· 8 min read ·

The Hidden Cost of Crossing a Cache Line: x86 Split Locks Explained

Source: lobsters

When you use std::atomic or reach for a LOCK-prefixed instruction in hand-written assembly, you probably expect the hardware to handle the details quietly. On x86-64, it usually does. But there is a specific case where it does not: when the target memory address straddles a 64-byte cache line boundary. That is a split lock, and it is one of those architectural quirks that sits quietly in production systems, occasionally causing mysterious latency spikes, and occasionally getting weaponized in virtualized environments.

The Chips and Cheese investigation into split locks puts concrete numbers on what the hardware actually does, and the results are striking enough to be worth unpacking in depth.

What Cache Locking Actually Means

To understand split locks, you need to understand what normally happens when a CPU executes a LOCK ADD [rax], eax.

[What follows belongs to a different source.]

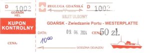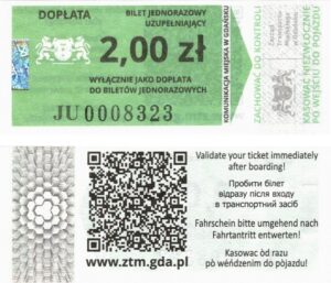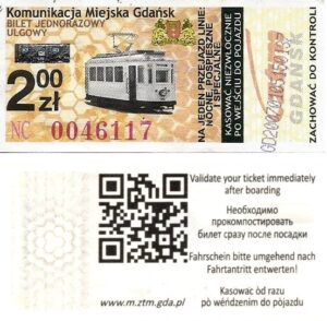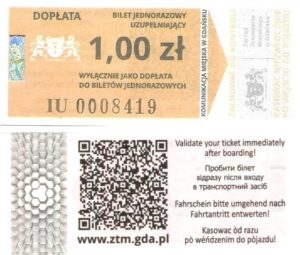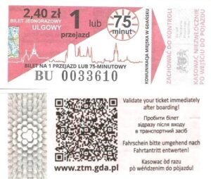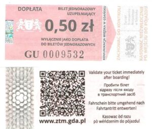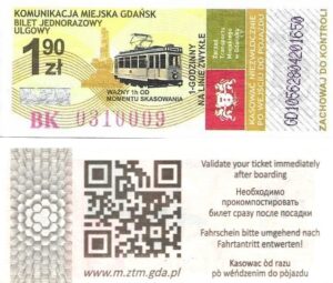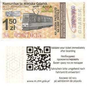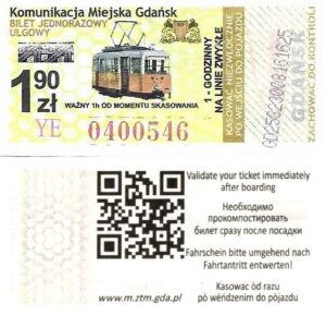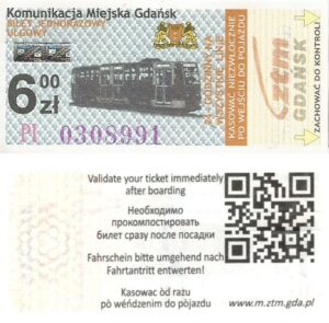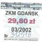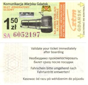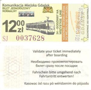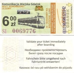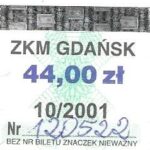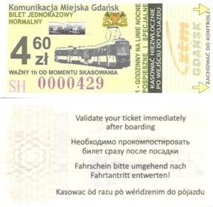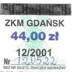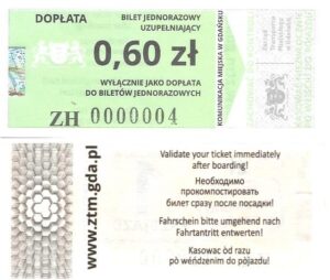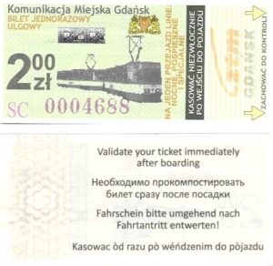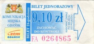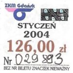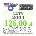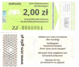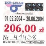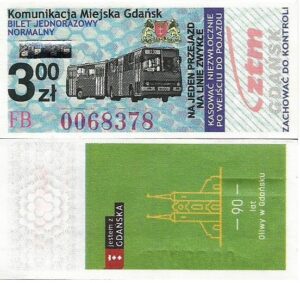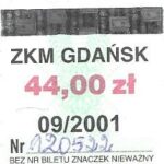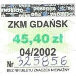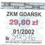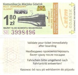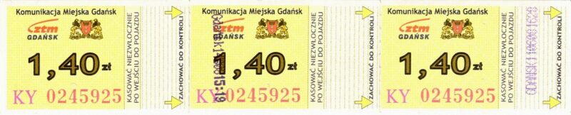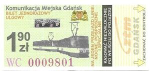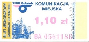 - Komunikacja Miejska Gdańsk, herb miasta, napis Zarząd Transportu Miejskiego w Gdańsku obok herbu, herb miasta w polu na wydruk z kasownika, wizerunki pojazdów obok ceny, hologram DKK, wydłużony format biletu:

Since the Pentium Pro (P6) in 1995, x86 processors have supported cache locking. If the target memory address is cached in the L1 data cache, and the operation is entirely contained within a single cache line, the processor does not need to assert any external bus signal. Instead, it uses the MESI cache coherence protocol: the cache line transitions to Modified or Exclusive state on the locking core, other cores’ snoop requests stall briefly, the operation completes, and nobody outside the local cache hierarchy ever knows it happened. The cost is roughly comparable to a cache-hit load: somewhere between 10 and 40 cycles depending on microarchitecture and coherency state.

This is documented in the Intel Software Developer’s Manual, Volume 3A, Section 8.1.4:

“For the P6 and more recent processor families, if the area of memory being locked during a LOCK operation is cached in the processor that is performing the LOCK operation as write-back memory and is completely contained within a cache line, the processor may not assert the LOCK# signal on the bus.”

The operative phrase is “completely contained within a cache line.” When an operation crosses a boundary, that guarantee evaporates.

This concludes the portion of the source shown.